I don't use it now, because being XX is not the defining characteristic of being a woman imho. It's taken me a while to realise this, and I apologise wholeheartedly for it.
I've done other exclusionary and unhelpful anti-trans stuff too, I'm sure, not least in writing about abortion focusing on "a woman's right to choose." While I think there is a strong gender dynamic to the abortion debate, I respect that not everyone who becomes pregnant will identify as a woman. And thus access to abortion is not just about a woman's right to choose.
I want to thank V for helping me have a few aha moments about this along the way. I'm definitely open to some more.
To focus more on the overall point of IDAHO, I've been thinking about Yoda. He was right about "...Fear leads to anger. Anger leads to hate..." It seems to me that people tend to fear things they don't understand, and can't control. One option is to just chillax and shrug and learn when you can. But it seems there are lots of people who don't take that up and instead opt for the Dark Side.
Hating someone not because of what they've done but because of who they are attracted to, how they identify themselves, the colour of their skin, their gender - it all baffles me. Why would you expend so much energy hating someone you've never met, or don't really know, because of something that is totally irrelevant to how you live your own life?
Today is a day to say no to homophobia and transphobia. And everyday is a day to reject hate based on irrelevancies. Hate someone for how they act; how they treat you, or their kids, or their dog, or their employees, or women. But hating them for their identity or their sexuality? That's just lazy - surely you need to know more about someone before you can feel that strongly for or agin an individual? It must get really tiring to hate so indiscriminately.
Big love to all my friends today. If George Lucas had ever got around to making any more Star Wars films (and gee am I grateful he didn't after the terrible prequels) I hope he would have got around to Yoda telling us that love and tolerance are the antidote to hate and fear. When it comes to being inclusive, try is on the pathway to do.
3 comments:
What saddens me is that the combating transphobia element of IDAHO has been eliminated from the acronym presumably in the interests of creating a cutesy joke about an obscure US state. Why isn't it IDAHT?

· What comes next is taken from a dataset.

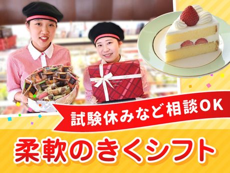 職場環境 【従業員構成】 \学生さん多数活躍中!/ 学校終わりに、空きコマに、サークルがない日に、学校が休みの日に… 勉強とバイトの両立ができる職場をお探しの方、歓迎!! 働きながら、同年代の新しい友達も作れちゃいます♪ 甘くて美味しいケーキも社割でお得にGET! ★店舗のスタッフの数は平均15名。 10代、20代、30代、40代以上と幅広い年代の方が 勤務している他、学生、フリーターの方、主婦(夫)の方まで 性別問わず様々な方が活躍されています! 明るく、和気あいあいとしたスイーツショップです! 社員・アルバイト関係なく協力し合える職場なので楽しく働けますよ! 【学生スタッフの声】 ○Aさん(20代学生) 「ケーキが好きでこのバイトを始めました! テスト期間中は休みをしっかり取って、無理なく学業と両立できています。 ここで身につけた接客スキルが、就活でもすごく役に立ちました。」 ○Bさん(10代学生) 「初めてのバイトで不安でしたが、 同年代の仲間のおかげで楽しく働けています。 みんなと一緒にお小遣い稼ぎ頑張ってます!」 【職場の雰囲気】 業務外交流多い 立ち仕事 アットホーム お客様との対話は多い 自分の都合に合わせやすい 知識、経験不要

I was worried about that too, which is another reason I chose to write mainly about transphobia.
What Deep said.
Once again, trans people are being thrown under the bus for the sake of an acronym that sounds kewl.
It's a token effort, at best.
Or is that 'as usual'?
I have to say, Julie, that you won't get any more 'aha!' moments out of me, since the last lot that you gained insight from took a really hard toll on me.
I'm glad that some good came out of them, but the price is too high.